Because Content Exchange places requests in a queue and processes them in a daemon, it is 
possible to retry requests that may fail because the Traffic Server has failed or been 
temporarily taken out of operation. If this occurs, the daemon logs a message and places it in a 
retry queue indicating the hostname of the Traffic Server, the domain and url names, an 
explanation of the error, number of tries and the first and last retry times. A thread in the 
daemon reads the retry queue and retries the event at regular intervals until the event 
succeeds, the domain is removed from the Content Exchange domain list, or a maximum 
number of retry times is exceeded. Retry may be implemented at the granularity of URL, port 
number on the proxy cache (the cache may have multiple port numbers), URL and user-agent, 
or any combination. 

Because the connection between the differencing engine and Traffic Server may fail, retry can 
be implemented by creating a daemon which mimics a Traffic Server and forwards requests 
from the differencing engine to the actual Traffic Server. Any errors that may occur are 
placed in the retry queue. Alternatively, the differencing engine can handle retry on its own. 



In certain situations, it may be advantageous to update an entire network of proxy caches 
without requiring the differencing engine to know about all the proxy caches. For example, it 
may take too long for the differencing engine to loop through all the proxy caches, or the 
differencing engine may be located outside the local area network, perhaps belonging to 
another organization. The latter case may occur when the differencing engine is running at a 
content provider; when content changes the content provider uses the engine to forward the 
changes to proxy cache(s) running at a hoster or access provider. In this case the system 
would be easier to configure and more secure if there was a single (or few) points of 
interaction between the content provider and hoster/access provider. 

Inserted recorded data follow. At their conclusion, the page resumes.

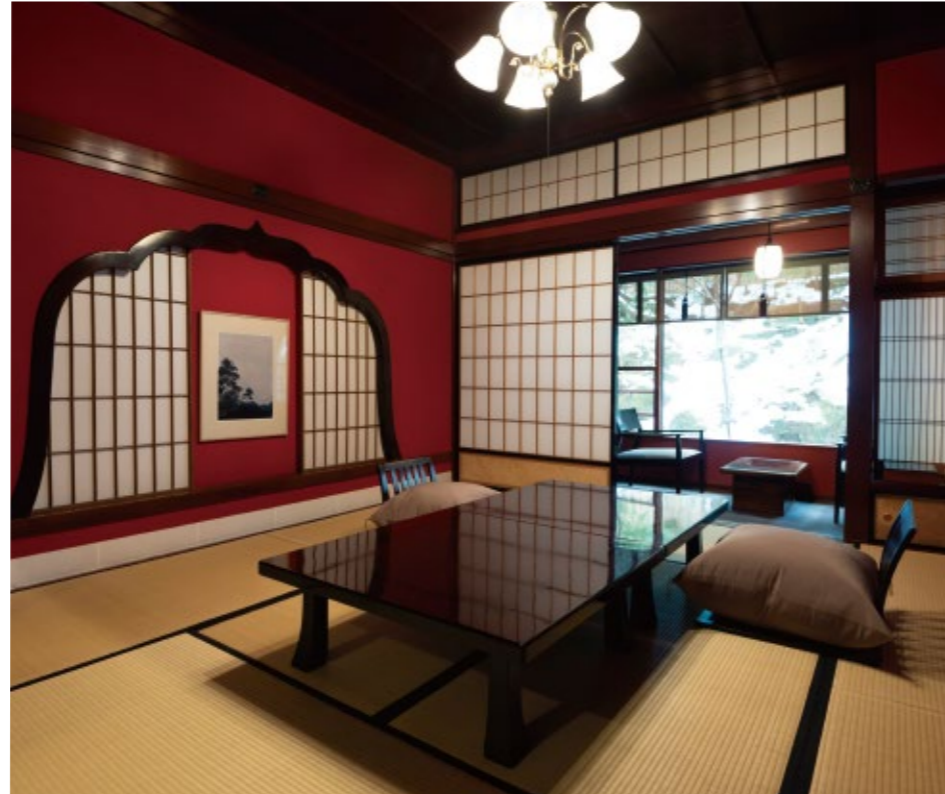
藩主ゆかりの特別室「御陣(おちん)」。魯山人も好んで逗留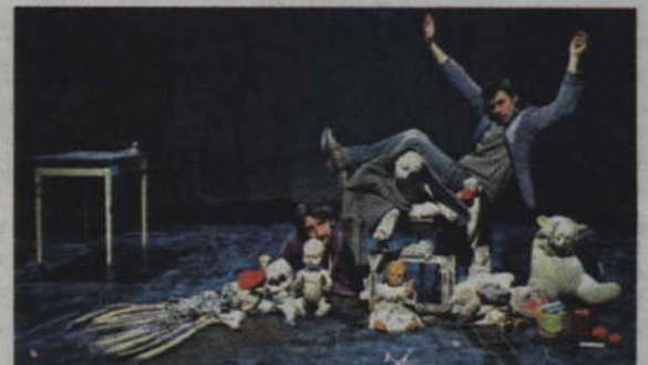
Teatr Malabar Hotel i Figurentheater Wilde & Vogel przedstawi natomiast spektakl zainspirowany prozą Jonathana Safrona Foera.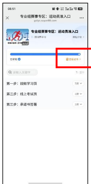
图 20 查看证书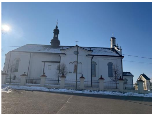
Fot. 3 Kościół rzymskokatolicki p.w. św Barbary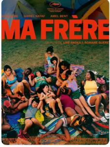
MA FRÈRE de L. Akoka, R. Gueret / 1h52 SÉLECTION OFFICIELLE FESTIVAL DE CANNES 2025

Shaï et Djeneba ont 20 ans et sont amies depuis l'enfance. Cet été-là, elles sont animatrices dans une colonie de vacances. Elles accompagnent dans la Drôme une bande d'enfants qui, comme elles, ont grandi entre les tours de la Place des Fêtes à Paris. À l'aube de l'âge adulte, elles devront faire des choix pour dessiner leur avenir et réinventer leur amitié.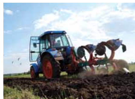
На суздальском поле — владимирские тяжеловозы и «железные кони»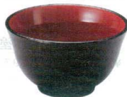
10-537-16 M-18-31 A|丸羽反小鉢 茶パール内朱 ¥650 (9.3φ×5.4) 櫃100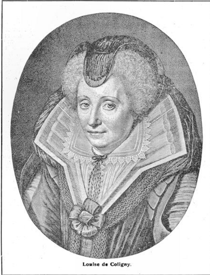
Louise de Coligny.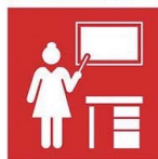
4.C. Mejora cualificación docente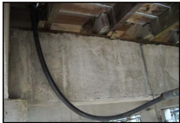
Gambar 11: Gelagar atau Beam Rumah Diperbuat daripada Simen Konkrit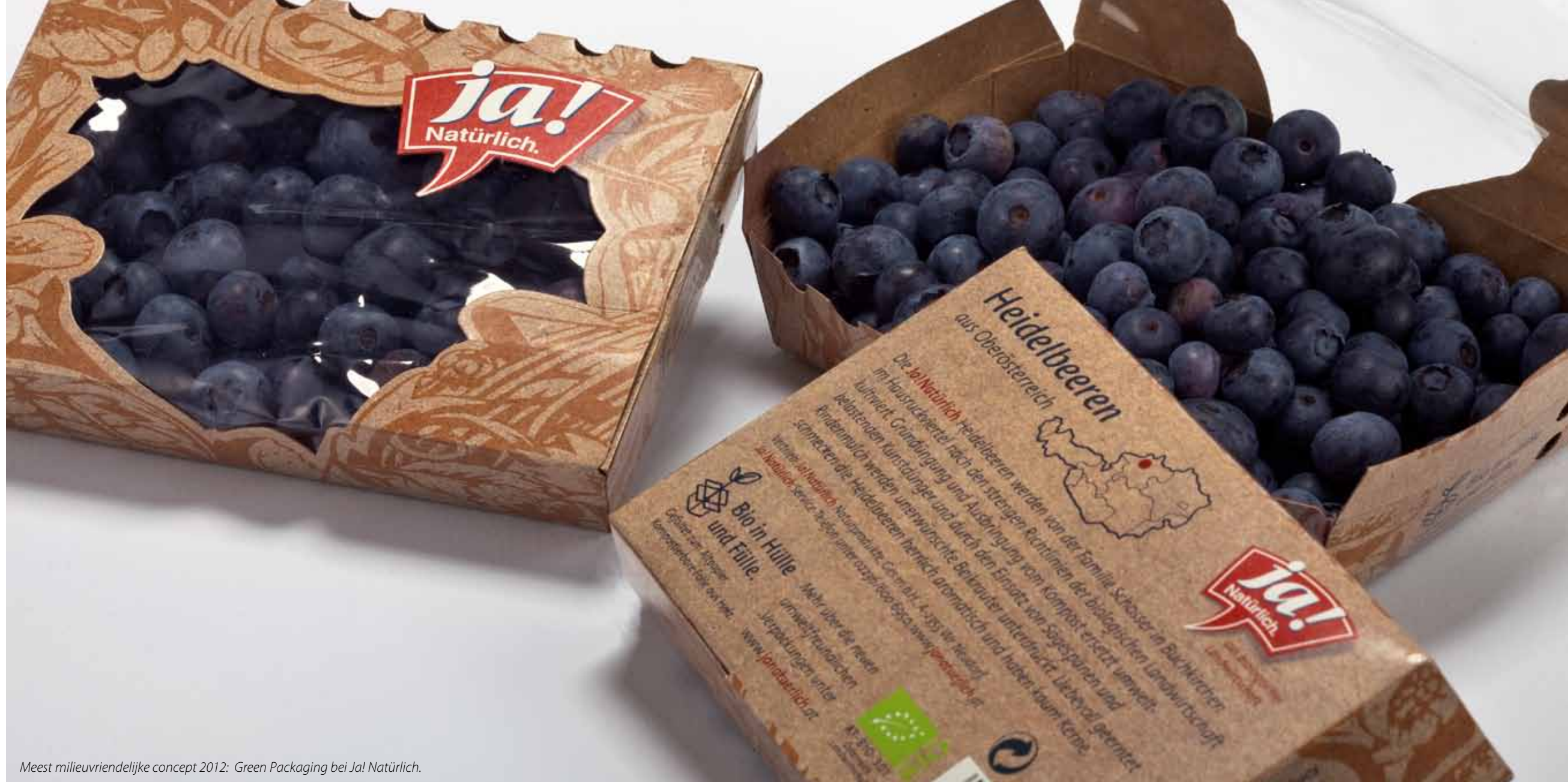
Meest milieuvriendelijke concept 2012: Green Packaging bei Ja! Natürlich.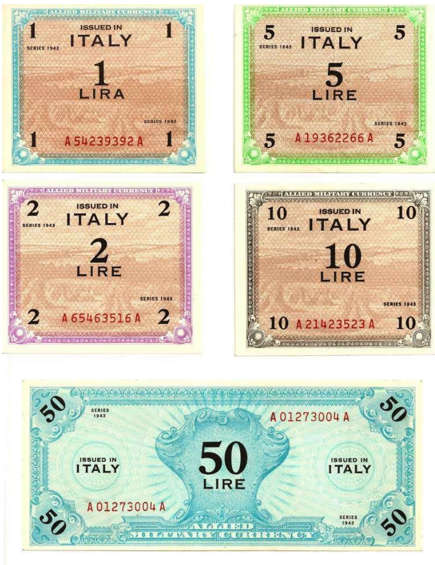
Fotografia 1: Alguns exemplares de AM Lira

Segundo SANDOVAL (2012), a autorização para circulação destas cédulas foi oficializada por decreto assinado pelo General inglês Harold Alexander (Decreto nº 12 de 23 de agosto de 1943) e introduzidas para circulação no mesmo dia da assinatura do decreto. Os valores desta primeira série de cédulas, chamada de Series 1943 , foram: 1, 2, 5, 10, 50, 100, 500 e 1.000 liras. Houve uma segunda emissão dessa mesma série, com circulação a partir dia 8 de setembro de 1943, agora impressas pela Forbes Lithograph Manufacturing Company de Boston. As cédulas impressas por esta companhia contêm a marca da empresa impressora, um “F” em micro caracteres (aposto na rosácea do lado inferior direito).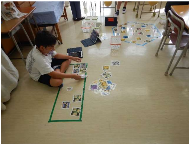
苗を育てている間に、植え付けのデザインも検討してくれました。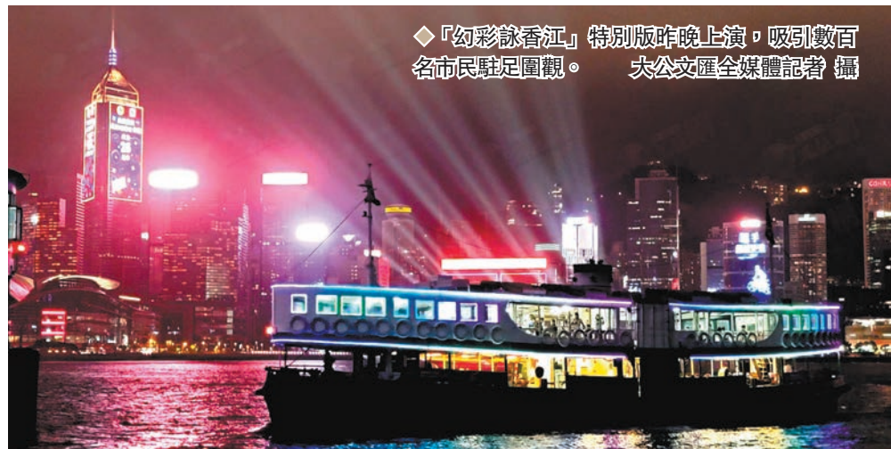
◆「幻彩詠香江」特別版昨晚上演，吸引數百名市民駐足圍觀。

香港文匯報訊 「幻彩詠香江」特別版「維港光影匯演」於昨晚8時上演。大公文匯全媒體記者晚上8時到達尖沙咀海濱，現場已有數百名市民等候觀賞這場夢幻光影秀。不少市民在天台觀看並設置腳架及相機，拍攝整個表演。

Content Exchange enables updating a network of proxy caches by putting caches into parent- 
child relationships, and making the parent caches responsible for updating the children. In this 
way, the DELETE requests are forwarded from the parent traffic servers to the children. The 
hierarchy can be as shallow or deep as required; if it is shallow/the parent proxy cache 
(actually the daemon running on the parent proxy cache) is responsible for updating all the 
children. If the hierarchy is deep, there may be multiple nested proxy caches. If the proxy 
caches are varying on user-agent, only the DELETE request for the first user-agent should be 
processed in the plugin. The child proxy caches can be updated using either iterative uni- 
casts, multicast, or broadcast.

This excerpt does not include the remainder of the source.